Important files and processes within the integration framework

The main part of the framework is IntegrationProcessor.

This file ties all the integration framework parts into one process by abstracting away internal processes that someone who is just creating a new integration doesn't need to know.

There are two ways that integration processing gets triggered:

  1. A user connects an integration and it triggers a NodeWorkerIntegrationProcessMessage SQS message to the nodejs-worker that in turn calls IntegrationProcessor.process method. This way it will be processed in an onboarding mode which means that it will try to process the whole integration and won't for example check only the last 1 day of messages on Slack integration.

  2. job-generator triggers a tick every minute and it calls IntegrationProcessor.processTick method to check which integration to run without onboarding mode. If an integration has a configuration that reads 20 ticks between checks it means that every 20 minutes the framework will trigger IntegrationProcessor.processCheck method to see if there are any integrations in the database with that type and it will trigger NodeWorkerIntegrationProcessMessage SQS message to the nodejs-worker that in turn calls IntegrationProcessor.process method but without onboarding set to true.

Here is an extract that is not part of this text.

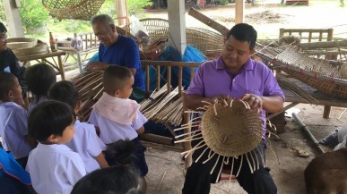 นายบุญส่ง พัตรา ผู้ใหญ่บ้านป่าโมงใหญ่ หมู่ ๑ ปราชญ์ด้านงานจักสาน (ผลิตภัณฑ์จากไม้ไผ่) ได้ริเริ่มก่อตั้งกลุ่มงานจักสาน หัตถกรรม ในปี พ.ศ.๒๕๖๐ เพื่อให้คนชุมชนใช้เวลาว่างให้เกิดประโยชน์ มีส่วนร่วม สร้างอาชีพ สร้างรายได้ให้คนในชุมชน โดยใช้วัสดุที่มีในชุมชนให้เกิดประโยชน์ และเมื่อมีงานบุญประจำปี ก็จะทำเครื่องจักสาน หัตถกรรม ถวายให้วัดเพื่อทำบุญ และได้รับความร่วมมือจากคนในชุมชนเป็นอย่างดี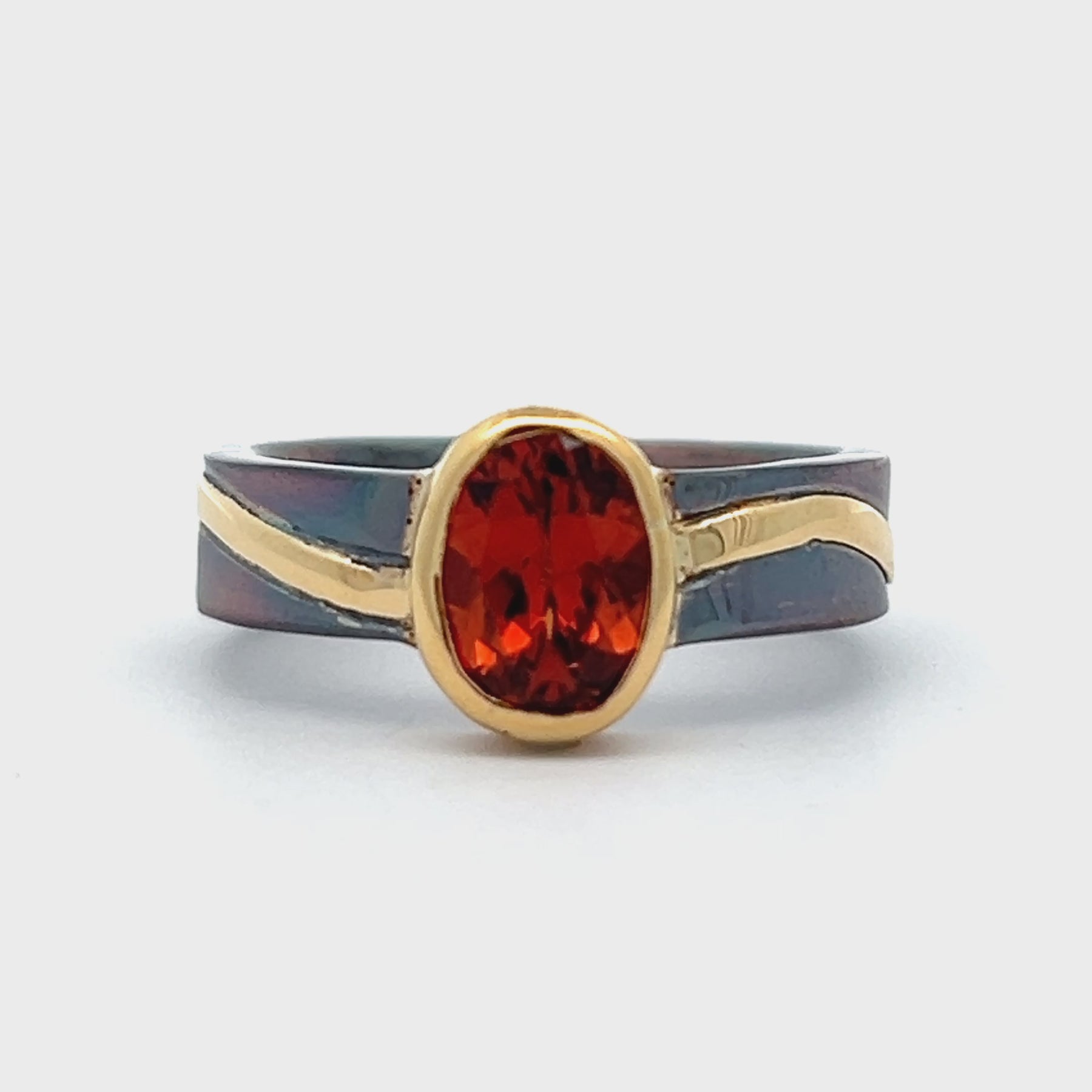Regular price $965.00 Save $-965.00The oxidized sterling silver and 18k yellow gold garnet ring is an original design and hand fabrication by Paul Richter, created as part of the Pathways Collection.

Whichever way the integration processing gets triggered it always ends up calling IntegrationProcessor.process. This method checks if integration type is supported by checking if integrationServices array contains such integration service that supports the type.

All supported integrations are defined in IntegrationProcessor constructor like so:

    this.integrationServices = [
      new DevtoIntegrationService(),
      new DiscordIntegrationService(),
      new TwitterIntegrationService(),
      new TwitterReachIntegrationService(),
      new SlackIntegrationService(),
      new GithubIntegrationService(),
    ]

And if you implement a new integration service you also have to add it here if you want integration processor to pick it up.

All these integration services implement IntegrationServiceBase abstract class.

This class requires you to call it's constructor and providing it with the integration type that the service will support (this should be a new type) and also how many number of ticks has to pass for the integration to be checked. If number of ticks is negative it will never be checked and will only be triggered when we are doing onboarding (ie. user connects the integration manually). If number of ticks is 0 it will be checked every tick.
There are also a few other parameters that can be set inside IntegrationServiceBase:

  • globalLimit & limitResetFrequencySeconds: how many records should we process within a certain time frame before we stop. This is useful if you want to tell the IntegrationProcessor that we have a global limit for an integration where we can for example execute only 1.000.000 API calls per day and we need to stop after and wait for another day.
  • onboardingLimitModifierFactor - if onboarding we can perhaps allow more data to be process then just when we are doing checks and we multiply globalLimit by this factor to do so. For example: if you are doing onboarding and you have a rate limit of 1000 requests/minut and if you surpase it you have to pay extra you can perhaps allow that just for onboarding and set this factor to 2 - this means that globalLimit will become 2000 instead of 1000 as initially set.

IntegrationServiceBase abstract class forces you to implement a few methods and it gives you an option to implement a few more if needed. Here are all possible methods that you can implement in order of how they are executed by IntegrationProcessor.process method:

  • [Optional] preprocess: this method gets called once every time IntegrationProcessor.process starts. It should load all the data that will be required to process the whole integration and all it's streams. It should set the data inside context.pipelineData property.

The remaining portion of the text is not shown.